- Work instructions
Word for word, reproduce all entries below, leaving every picture out.

(Saved data entries)
#####
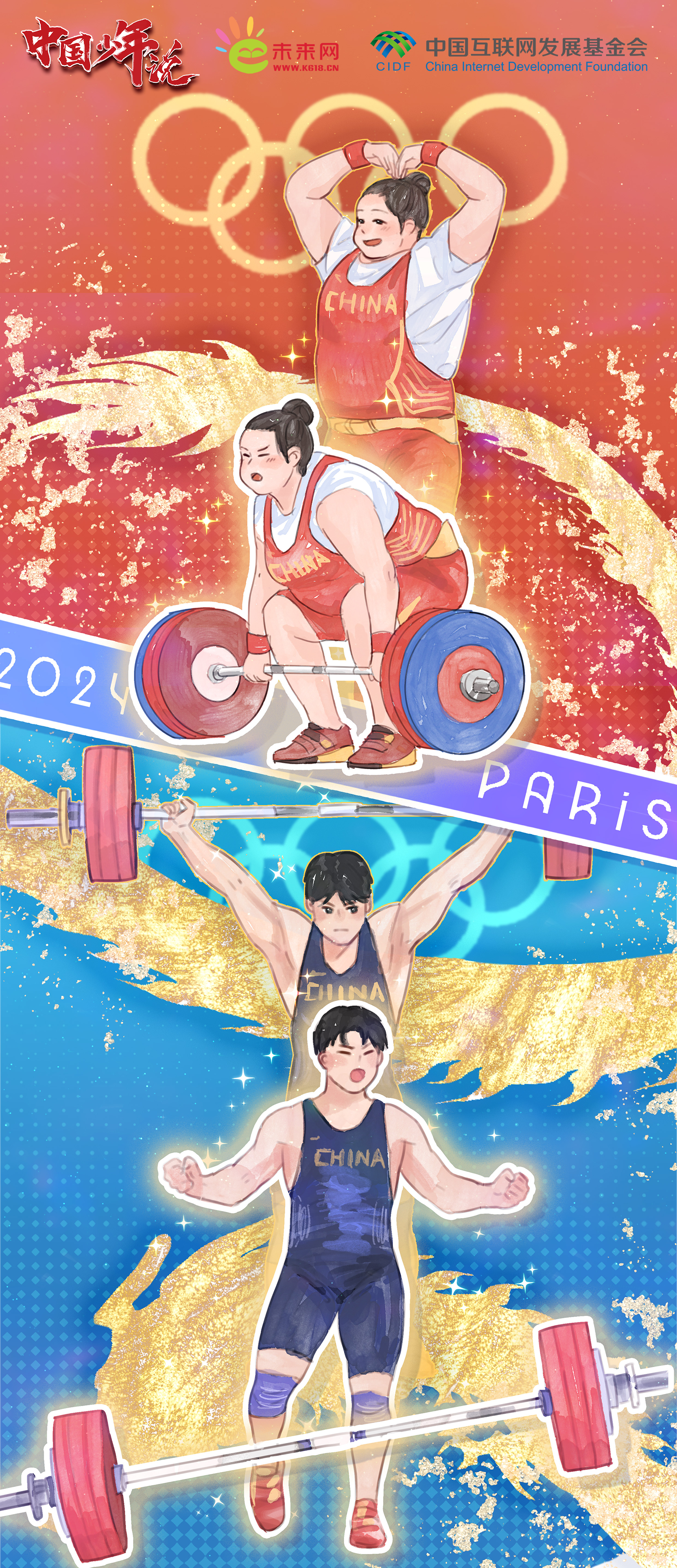 每一次杠鈴的舉起,都是對體能極限的挑戰(zhàn);每一次重量的征服,都是對自我潛能的突破。李雯雯分享訓(xùn)練日常時(shí),經(jīng)常使用一個(gè)叫“雯扎雯打”的話題詞,這也正是她一路走來,最真實(shí)而生動的寫照。從在舉重亞錦賽刷新女子87公斤以上級三項(xiàng)世界紀(jì)錄,到在東京奧運(yùn)會奪冠并打破三項(xiàng)奧運(yùn)紀(jì)錄,再到在巴黎奧運(yùn)會上克服傷病造成的心理和身體上的障礙成功衛(wèi)冕,展示王者歸來的風(fēng)范,擁有碾壓級實(shí)力的她,一次次地將責(zé)任扛在了肩上,也將國家榮譽(yù)穩(wěn)穩(wěn)地舉了起來。同樣,劉煥華在3年內(nèi)橫跨5個(gè)級別完成升級,并最終在巴黎奧運(yùn)會上“舉”起了這枚極具分量的金牌背后,是他克服了不斷增重的痛苦、舉重訓(xùn)練的枯燥,更以“拼命三郎”的毅力和決心進(jìn)行自我錘煉。巴黎奧運(yùn)會之前,中國男舉還沒有100公斤以上級別的奧運(yùn)金牌,第一次站上奧運(yùn)舞臺的他不僅堅(jiān)實(shí)地邁出了這一步,更以卓越的表現(xiàn)向世界宣告了中國舉重不可估量的潛力。
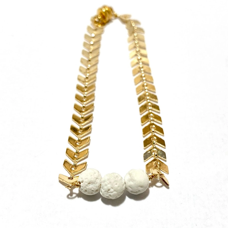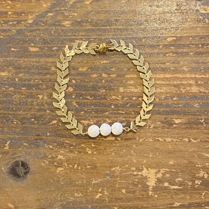 This aromatherapy bracelet with an extra strong magnetic clasp comes on gold plated ivy chain with white lava rocks. The lava stones are porous and allow you to put a drop of essential oil or perfume on and act as an aromatherapy diffuser.
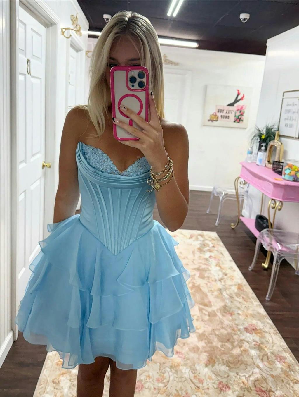 - Features: Corset Bodice, Tiered Ruffle Skirt, Lightweight and Airy Design
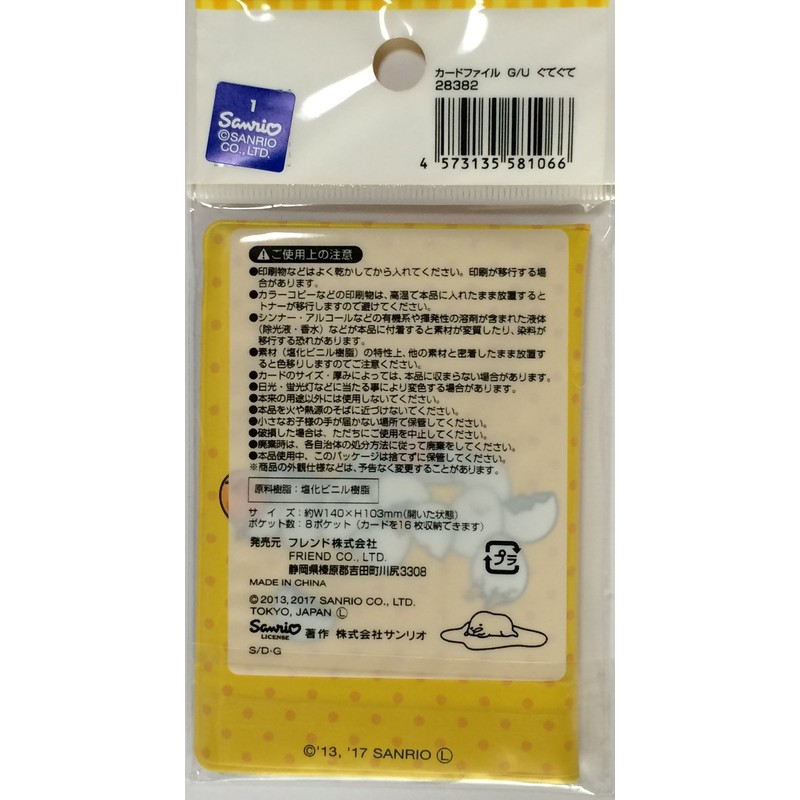 サンリオGudetamaカードファイルケース8ポケット16シートストレージ( Gudegude )
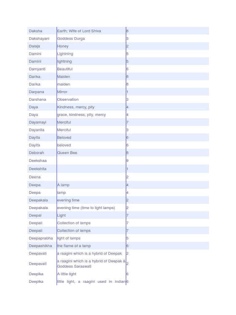 Baby Girl Names Devi Hindu Mythology - D dependable, on you i can rely.
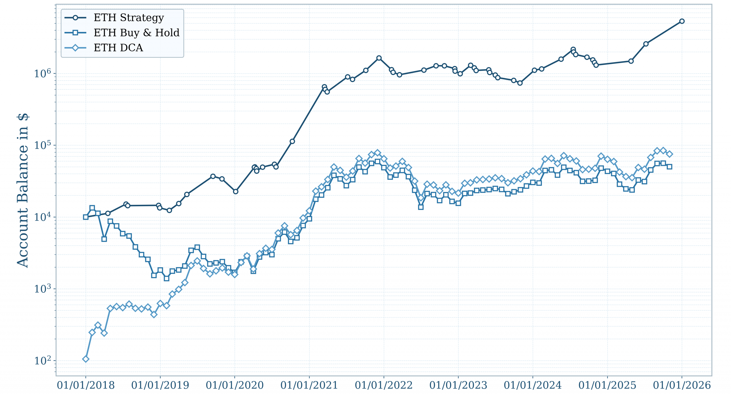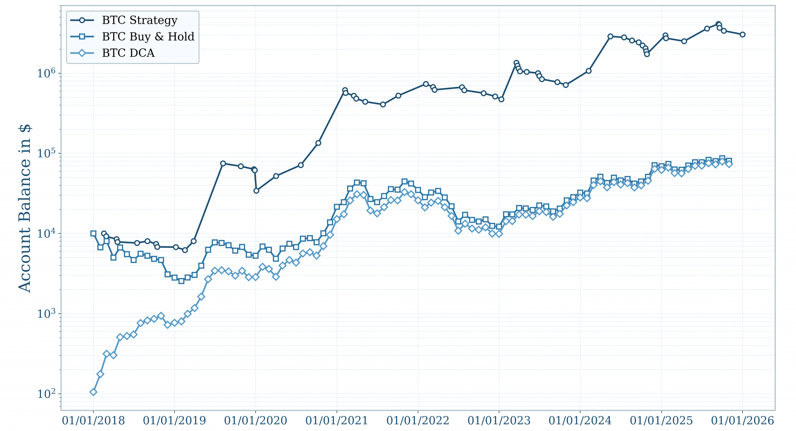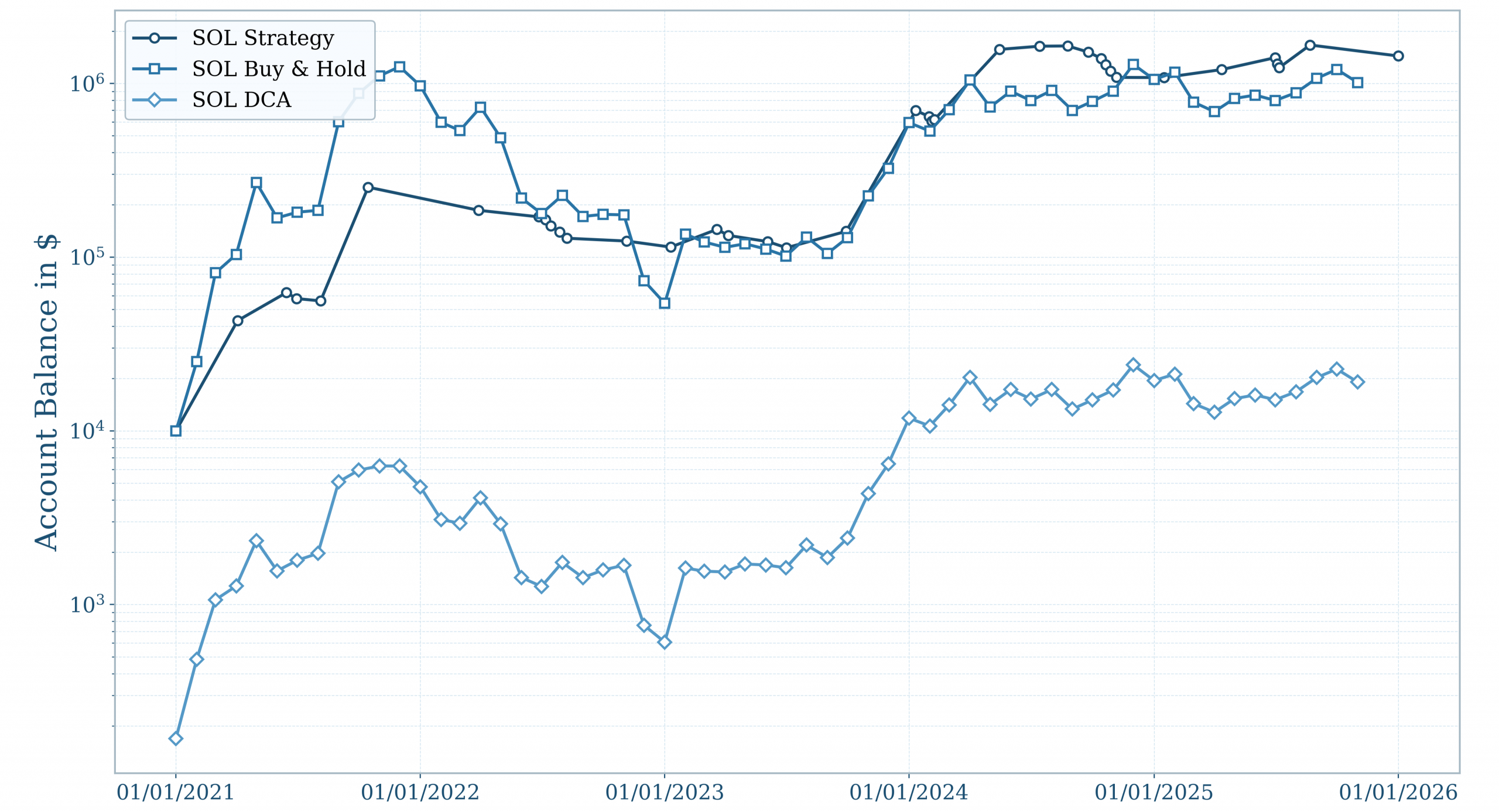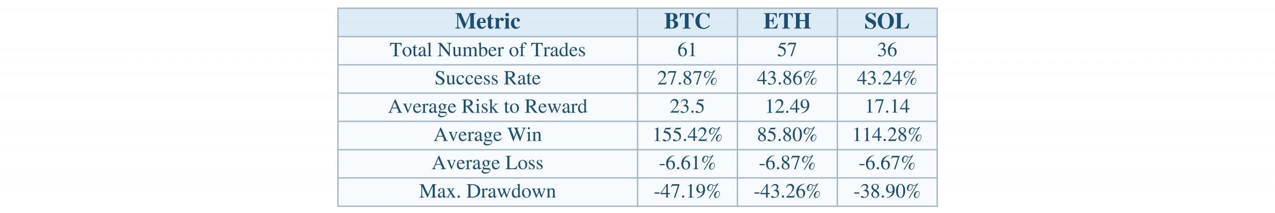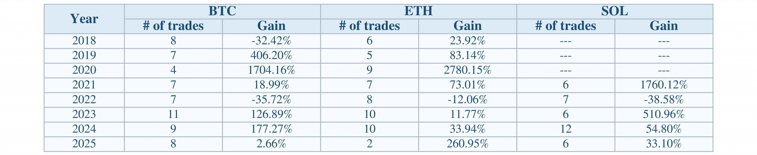The table below shows the strategy approach performance for the three assets BTC, ETH and SOL. BTC and ETH were tested from 01/01/2018 until 01/11/2025. SOL was tested from 01/01/2021 until 01/11/2025.
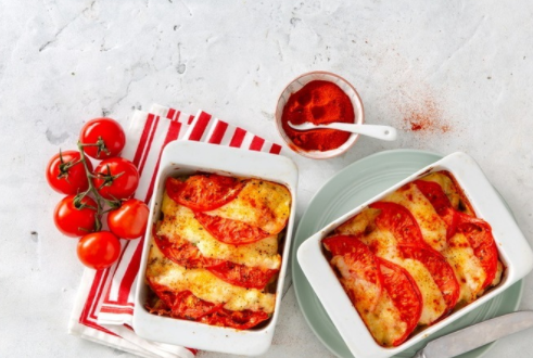 На овощи выложите, чередуя, сыр и помидоры, поперчите. Поставьте формочки в духовку, разогретую до 180С, и запекайте, пока сыр не р
#####
- The completed task
 每一次杠鈴的舉起,都是對體能極限的挑戰(zhàn);每一次重量的征服,都是對自我潛能的突破。李雯雯分享訓(xùn)練日常時(shí),經(jīng)常使用一個(gè)叫“雯扎雯打”的話題詞,這也正是她一路走來,最真實(shí)而生動的寫照。從在舉重亞錦賽刷新女子87公斤以上級三項(xiàng)世界紀(jì)錄,到在東京奧運(yùn)會奪冠并打破三項(xiàng)奧運(yùn)紀(jì)錄,再到在巴黎奧運(yùn)會上克服傷病造成的心理和身體上的障礙成功衛(wèi)冕,展示王者歸來的風(fēng)范,擁有碾壓級實(shí)力的她,一次次地將責(zé)任扛在了肩上,也將國家榮譽(yù)穩(wěn)穩(wěn)地舉了起來。同樣,劉煥華在3年內(nèi)橫跨5個(gè)級別完成升級,并最終在巴黎奧運(yùn)會上“舉”起了這枚極具分量的金牌背后,是他克服了不斷增重的痛苦、舉重訓(xùn)練的枯燥,更以“拼命三郎”的毅力和決心進(jìn)行自我錘煉。巴黎奧運(yùn)會之前,中國男舉還沒有100公斤以上級別的奧運(yùn)金牌,第一次站上奧運(yùn)舞臺的他不僅堅(jiān)實(shí)地邁出了這一步,更以卓越的表現(xiàn)向世界宣告了中國舉重不可估量的潛力。
 This aromatherapy bracelet with an extra strong magnetic clasp comes on gold plated ivy chain with white lava rocks. The lava stones are porous and allow you to put a drop of essential oil or perfume on and act as an aromatherapy diffuser.
 - Features: Corset Bodice, Tiered Ruffle Skirt, Lightweight and Airy Design
 サンリオGudetamaカードファイルケース8ポケット16シートストレージ( Gudegude )
 Baby Girl Names Devi Hindu Mythology - D dependable, on you i can rely.
The table below shows the strategy approach performance for the three assets BTC, ETH and SOL. BTC and ETH were tested from 01/01/2018 until 01/11/2025. SOL was tested from 01/01/2021 until 01/11/2025.
 На овощи выложите, чередуя, сыр и помидоры, поперчите. Поставьте формочки в духовку, разогретую до 180С, и запекайте, пока сыр не р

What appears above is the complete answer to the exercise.